Когда мы общались, я не задавал вопросов: «Батюшка, как это, а как это?». Было не до того. Мы просто беседовали, шутили, смеялись — весело было… Общение было свободным, но в этой беседе каждый из нас улавливал для себя что-то важное. Старец шутил, рассказывал о своей молодости, об Афинах, о своей семье; о том, как сейчас его семья его воспринимает. С отцом Нектарием живет его послушник — Христофор, очень интересный человек. Оба — схимонахи, возраст у них почти одинаковый… И у них очень интересные отношения. Я видел, как старец оказывал послушание послушнику — это было невероятно! Собрались мы как-то у отца Герасима после литургии, сели за трапезу, поели; затем перешли к непринужденной, легкой беседе: смех, шутки… А отец Христофор все ниже и ниже опускал голову, углубляясь в себя. И когда в разговоре возникла небольшая пауза, отец Христофор вдруг как вскочит: «Благодарим Тя, Христе Боже наш, яко насытил еси нас земных Твоих благ…», — все вскочили за ним (в том числе и отец Нектарий, его старец!) и начали молиться. Такие интересные моменты были. Слава Богу, что есть такие молитвенники.
-Отец Иоасаф, а в чем основная разница между русскими монахами и греческими, афонскими?
-В темпераменте. Греческие монахи более темпераментные, чем наши. Играют роль национальные особенности.
-А есть ли разница между преподаванием в Афинах и в наших Духовных Школах?
-Во-первых, разница в языке. Еще разница в том, что там факультет университета, в котором учатся все желающие; большинство из них — девушки. В общем, студенты там хорошие, интересные: постоянно преподавателям задают много вопросов — самых разных, сложных, в том числе — это мне понравилось. Мне кажется, это у греков национальная черта такая — с детства, — что они так свободно общаются, не стесняются. Национализм у греков — это соломинка, за которую они держатся. С помощью национализма они сохраняют свое единство народное, единство в вере. В Греции мало инородцев, почти все там — крещеные православные.

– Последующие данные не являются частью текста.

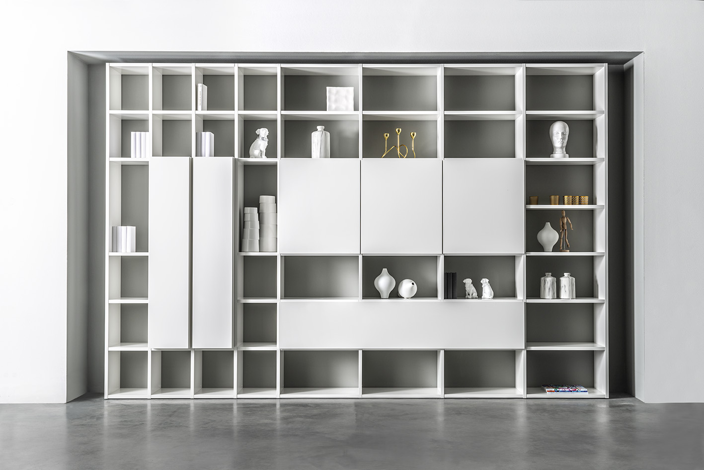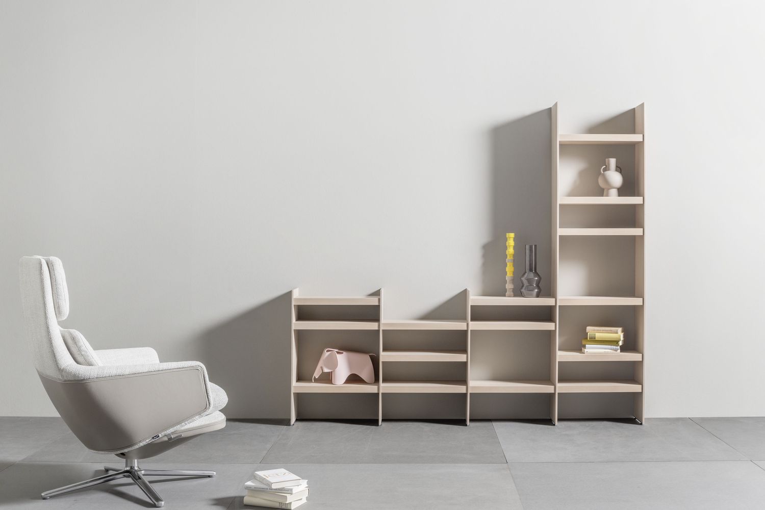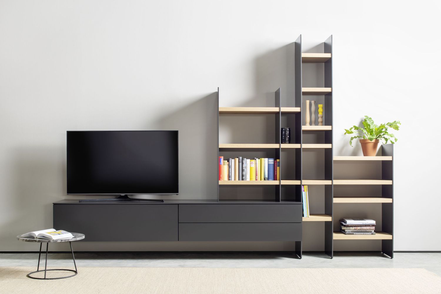 One of the highlights is the "Scala" shelving series with particularly narrow frames (10 mm side panels and 39 mm shelves), high stability, invisible shelf supports and can be planned with carcase elements - available in many wood and lacquer variants and dimensions as desired.
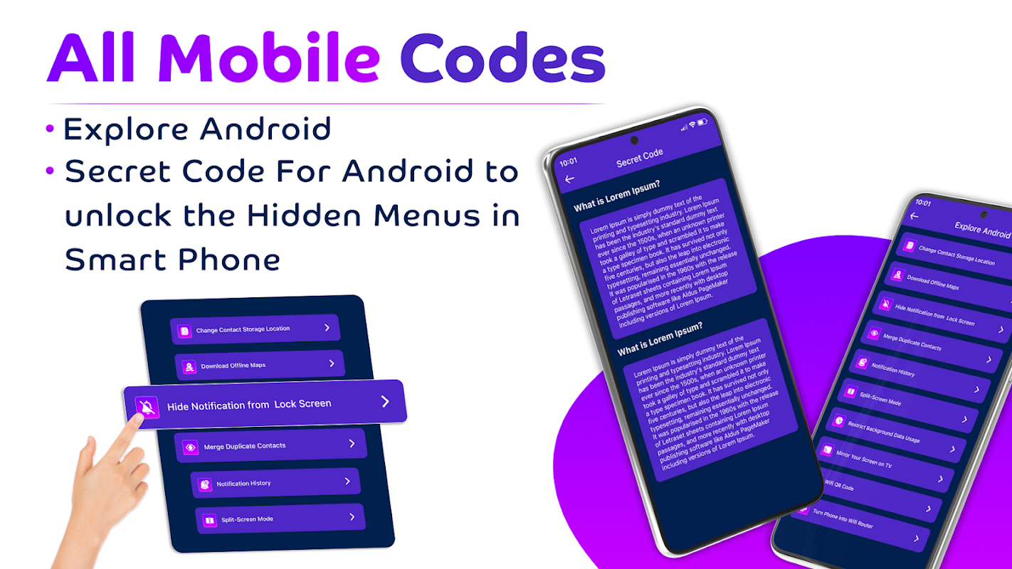 Unlock the full potential of your Android device with "All Secret Codes & Android Hidden Settings," your go-to app for discovering hidden menus and optimizing your Smartphone experience. Dive into a world of secret codes, mobile secret codes, and hidden settings that empower you to customize, enhance, and optimize your Android device.
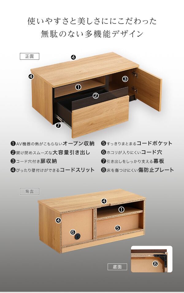 日本製のテレビ台、テレビボードが新登場!この90cm幅のテレビボードは、国産ならではの精巧な作りで美しさと高級感が魅力です。収納部分には大容量の引き出し収納と扉収納が付いており、テレビ周りの小物やDVD、リモコンなどがスッキリ収納できます。さらに、背面部分にはコード収納スペースも備えられているので、スッキリとした空間を演出できます。
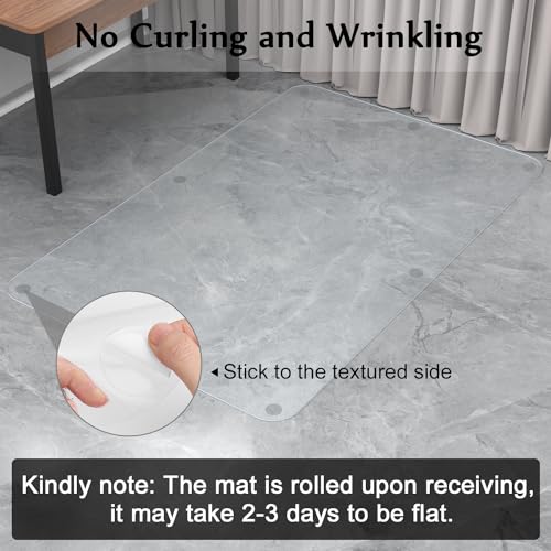 Specialized Designed: Only designed for hard floor surfaces. Not suitable for using on any carpets. The office chair mat protect the hard floor scratching and damaging by chair casters. KINDLY NOTE: THE MAT IS ROLLED UPON RECEIVING, IT MAY TAKE 2-3 DAYS TO BE FLAT.
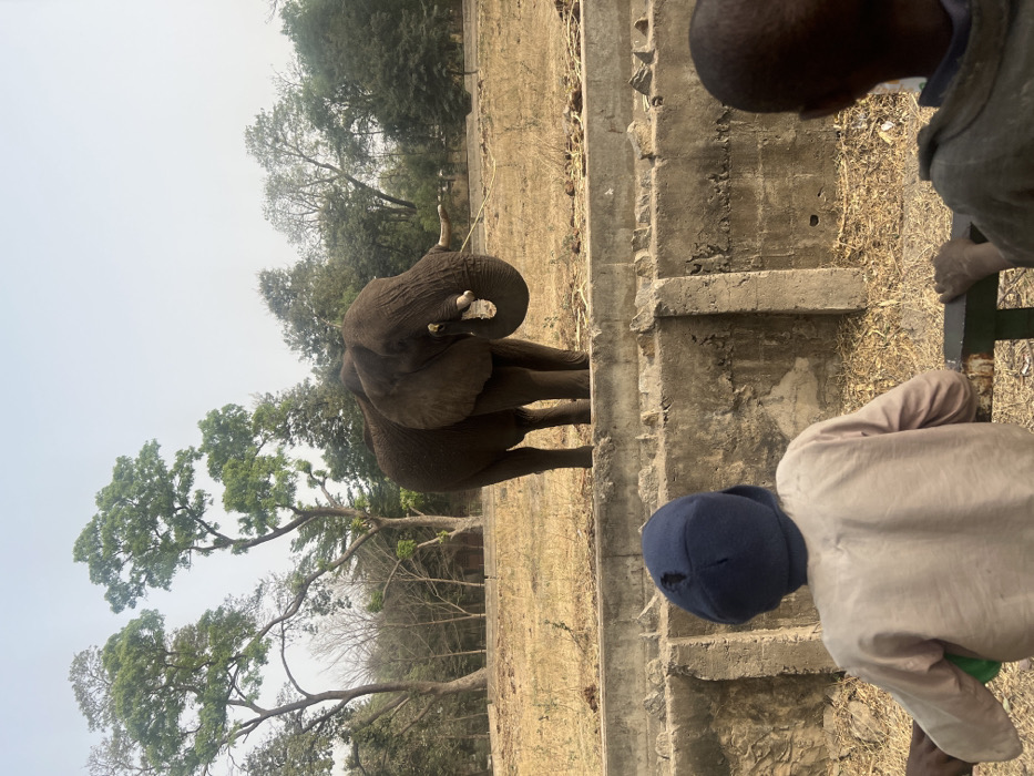 An elephant stands in a grassy enclosure, trunk raised, possibly eating. Two people are positioned at a concrete barrier, appearing to observe the elephant. One person wears a blue hat with a hole. Trees are in the background, and the day appears hazy. The image is taken from a low angle.
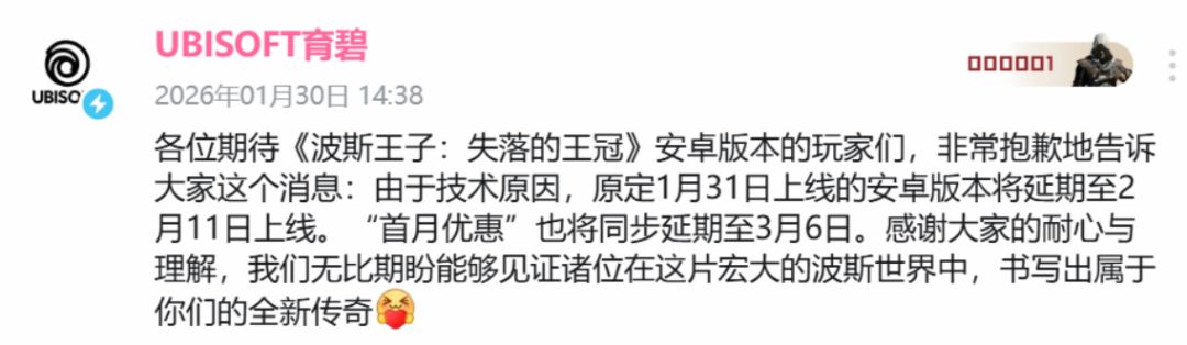 育碧今日突然发布公告,宣布原定于1月31日登陆安卓平台的类银河恶魔城大作《波斯王子:失落的王冠》国服移动版,因技术问题紧急延期。官方发布道歉声明,为彻底解决现存技术问题,将安卓版上线时间调整至2月11日,原本的首月优惠活动也将同步顺延,至3月6日正式结束。
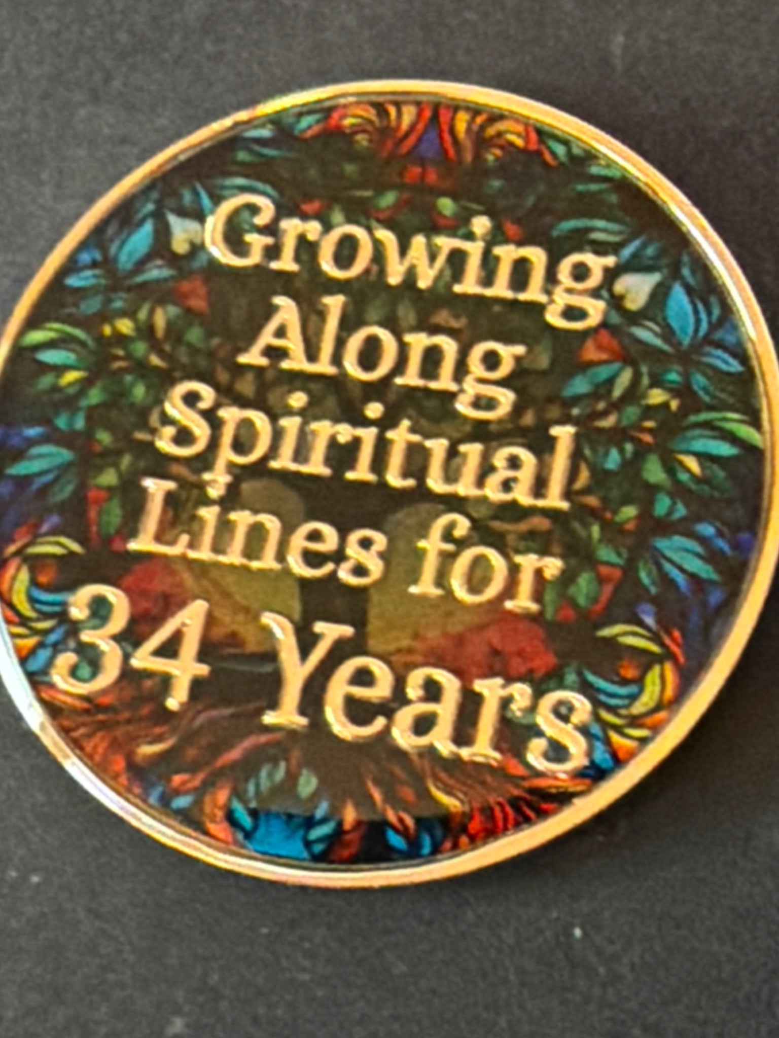 34 Year Multi-Color Tree Of Life Sobriety Medallion AA NA Chip Growing Along Spiritual Lines Back
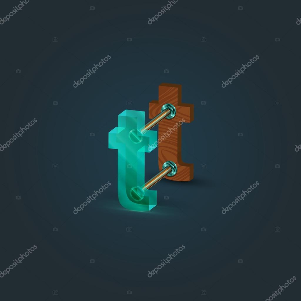Design green and wooden small letter t with 3D elements, vector illustration
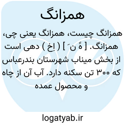 همزانگ. [ هََ ن َ ] ( اِخ ) دهی است از بخش میناب شهرستان بندرعباس که 300 تن سکنه دارد. آب آن از چاه و محصول عمده اش غله و خرماست. ( از فرهنگ جغرافیائی ایران ج 6 ).
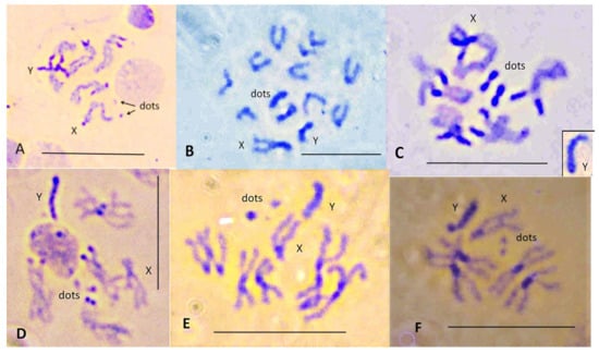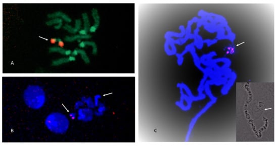 - Kavalcco, K.F.; Pazza, R. A rapid alternative technique for obtaining silver-positive patterns in chromosomes. Genet. Mol. Biol. 2004, 27, 196–198. [Google Scholar] [CrossRef] [Green Version]

Мы готовим священников, а там студенты получают просто богословское образование. Конечно, богословское образование у них начинается с первого класса школы, т. к. Закон Божий у них есть в школьной программе. Дети изучают и катехизис, и древнегреческий язык, поэтому уже к получению собственно богословского образования у них приходят с какой-то школьной базой. Они не изучают в Духовных Школах катехизис и библейскую историю с азов, как у нас. Что касается университета, то структура там — обычная для всех европейских университетов. Преподаватели там высокой квалификации, почти все обучались за границей: во Франции, Германии, Великобритании. Очень хорошие впечатления остались о преподавателях. В прошлом году была конференция в Москве, где присутствовали профессора-богословы из Афин. Было приятно увидеться с ними, поговорить.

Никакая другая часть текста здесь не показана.